■ TASK TO COMPLETE: Reproduce the material below only from the line with "IPBES ha recente" to the line with "最近,丝芭传媒跟鞠婧祎解约闹", both included, keeping each line exact and dropping the pictures.

■ DATASET RECORDS:
-- Opening Marker --
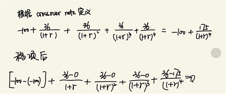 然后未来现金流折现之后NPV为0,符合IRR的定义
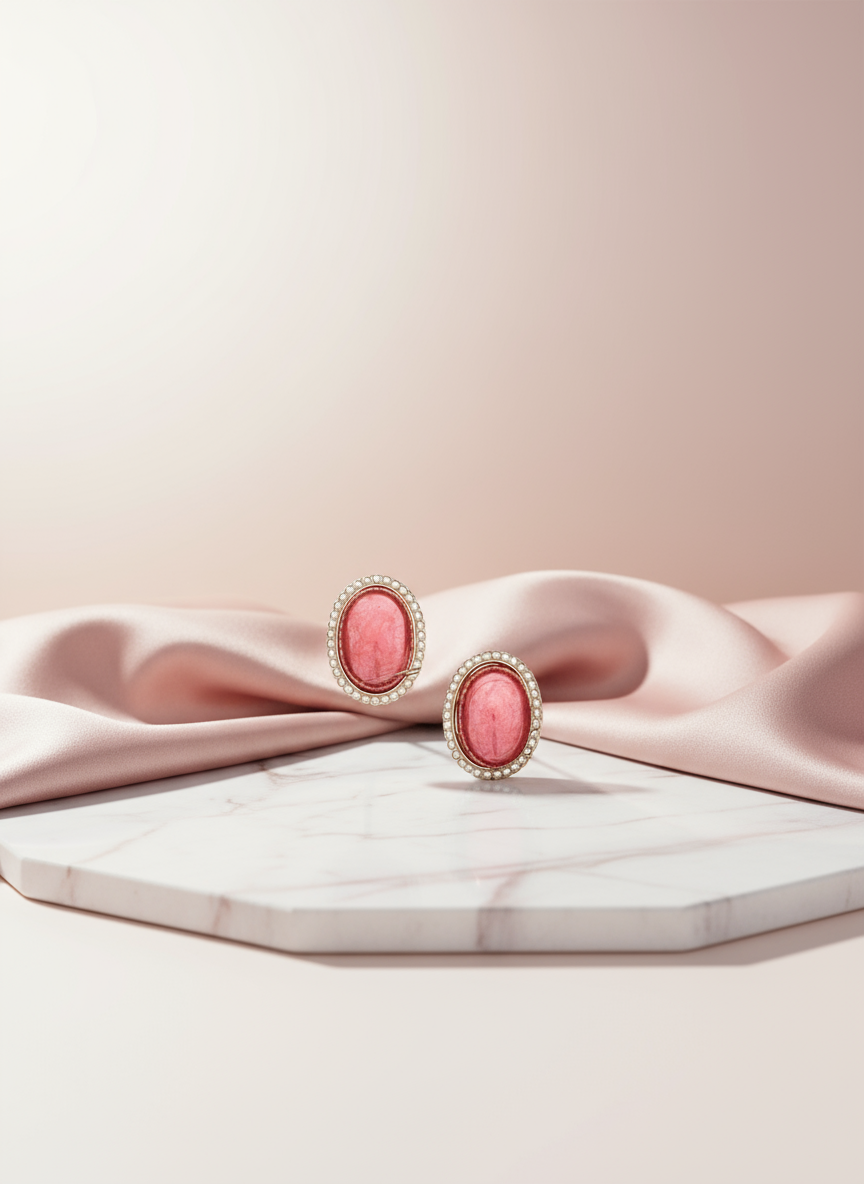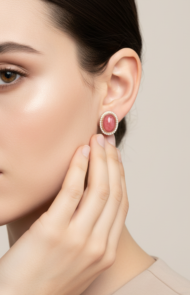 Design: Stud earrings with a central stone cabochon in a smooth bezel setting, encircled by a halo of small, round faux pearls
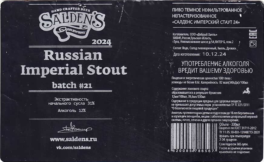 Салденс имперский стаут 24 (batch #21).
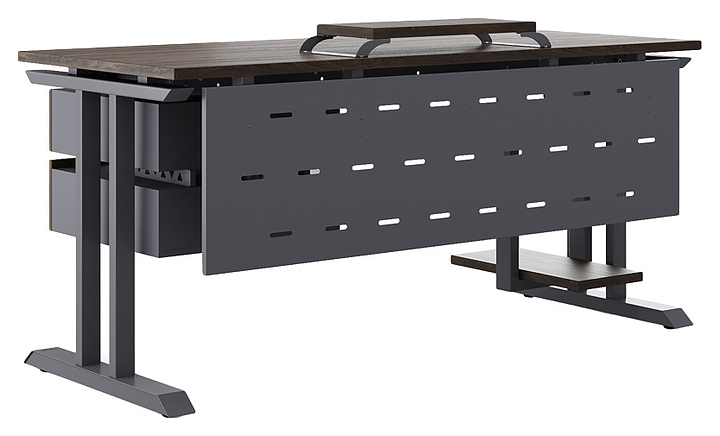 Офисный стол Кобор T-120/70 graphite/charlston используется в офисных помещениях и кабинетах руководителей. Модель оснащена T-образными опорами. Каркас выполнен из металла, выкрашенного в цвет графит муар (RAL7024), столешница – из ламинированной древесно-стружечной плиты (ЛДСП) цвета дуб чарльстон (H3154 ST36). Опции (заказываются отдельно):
-- Closing Marker --
-- Opening Marker --
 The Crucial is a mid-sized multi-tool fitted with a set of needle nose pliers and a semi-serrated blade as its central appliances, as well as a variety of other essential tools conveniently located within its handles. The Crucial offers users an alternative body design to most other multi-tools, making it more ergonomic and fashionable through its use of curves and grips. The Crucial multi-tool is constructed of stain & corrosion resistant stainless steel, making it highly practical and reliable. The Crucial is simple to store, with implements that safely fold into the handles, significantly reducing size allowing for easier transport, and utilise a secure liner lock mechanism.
-- Closing Marker --
-- Opening Marker --
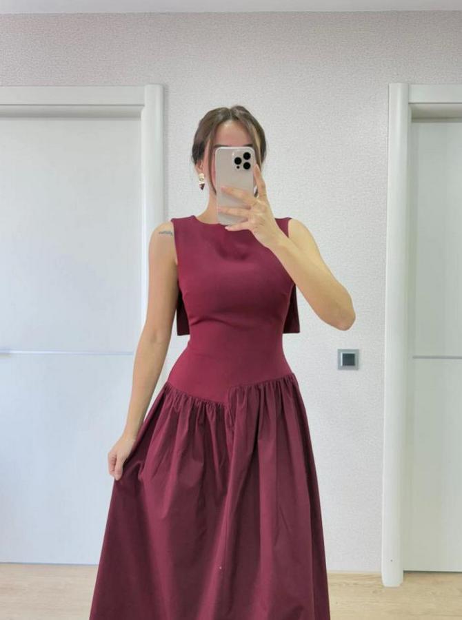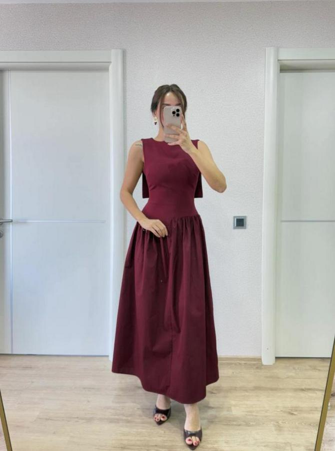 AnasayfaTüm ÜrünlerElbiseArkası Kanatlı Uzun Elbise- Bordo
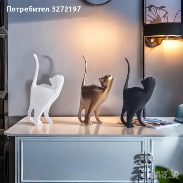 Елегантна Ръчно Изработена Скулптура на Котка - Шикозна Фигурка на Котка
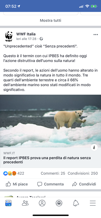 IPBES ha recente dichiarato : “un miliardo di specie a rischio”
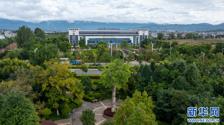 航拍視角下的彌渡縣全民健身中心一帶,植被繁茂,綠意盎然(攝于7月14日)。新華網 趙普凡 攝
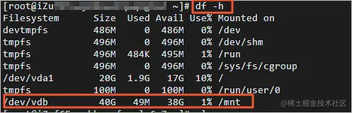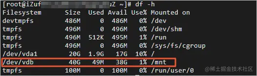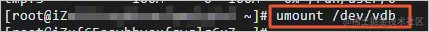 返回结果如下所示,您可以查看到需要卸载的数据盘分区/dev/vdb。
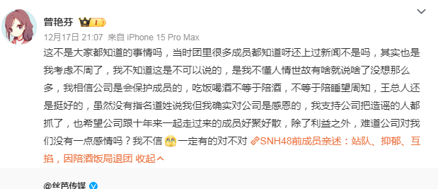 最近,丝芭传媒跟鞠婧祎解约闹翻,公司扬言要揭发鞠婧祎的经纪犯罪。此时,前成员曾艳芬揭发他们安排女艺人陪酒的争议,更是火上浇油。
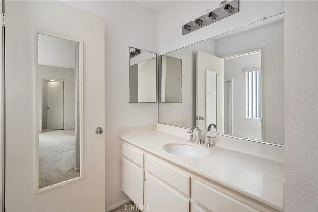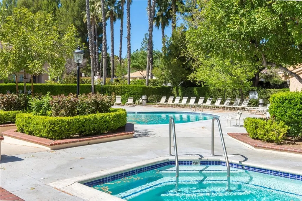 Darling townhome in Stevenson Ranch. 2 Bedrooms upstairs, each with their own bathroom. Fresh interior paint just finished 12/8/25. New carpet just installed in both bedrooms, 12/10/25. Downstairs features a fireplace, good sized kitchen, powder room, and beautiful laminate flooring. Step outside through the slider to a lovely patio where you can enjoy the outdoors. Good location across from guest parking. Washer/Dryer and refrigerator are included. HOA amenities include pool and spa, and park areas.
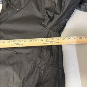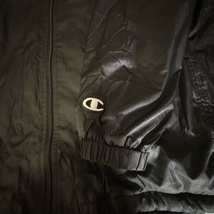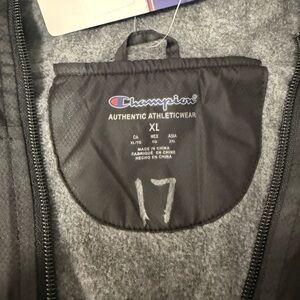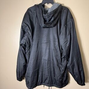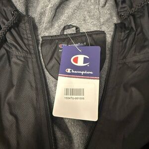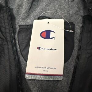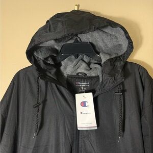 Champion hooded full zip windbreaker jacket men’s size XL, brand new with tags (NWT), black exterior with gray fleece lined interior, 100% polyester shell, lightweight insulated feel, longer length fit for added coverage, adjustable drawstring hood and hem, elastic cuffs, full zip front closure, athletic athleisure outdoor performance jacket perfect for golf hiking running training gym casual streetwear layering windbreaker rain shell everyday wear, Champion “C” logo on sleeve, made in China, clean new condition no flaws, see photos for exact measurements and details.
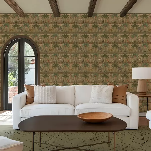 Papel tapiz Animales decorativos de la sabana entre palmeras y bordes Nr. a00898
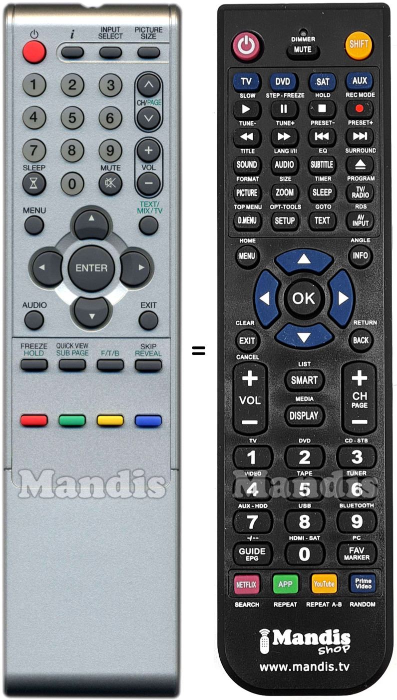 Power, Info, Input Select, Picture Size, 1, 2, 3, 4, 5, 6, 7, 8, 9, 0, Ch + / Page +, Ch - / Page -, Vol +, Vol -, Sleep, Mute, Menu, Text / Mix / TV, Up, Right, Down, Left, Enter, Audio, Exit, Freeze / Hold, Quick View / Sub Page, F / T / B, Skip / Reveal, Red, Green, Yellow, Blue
-- Closing Marker --
■ YOUR RESPONSE:
 IPBES ha recente dichiarato : “un miliardo di specie a rischio”
 航拍視角下的彌渡縣全民健身中心一帶,植被繁茂,綠意盎然(攝于7月14日)。新華網 趙普凡 攝
 返回结果如下所示,您可以查看到需要卸载的数据盘分区/dev/vdb。
 最近,丝芭传媒跟鞠婧祎解约闹翻,公司扬言要揭发鞠婧祎的经纪犯罪。此时,前成员曾艳芬揭发他们安排女艺人陪酒的争议,更是火上浇油。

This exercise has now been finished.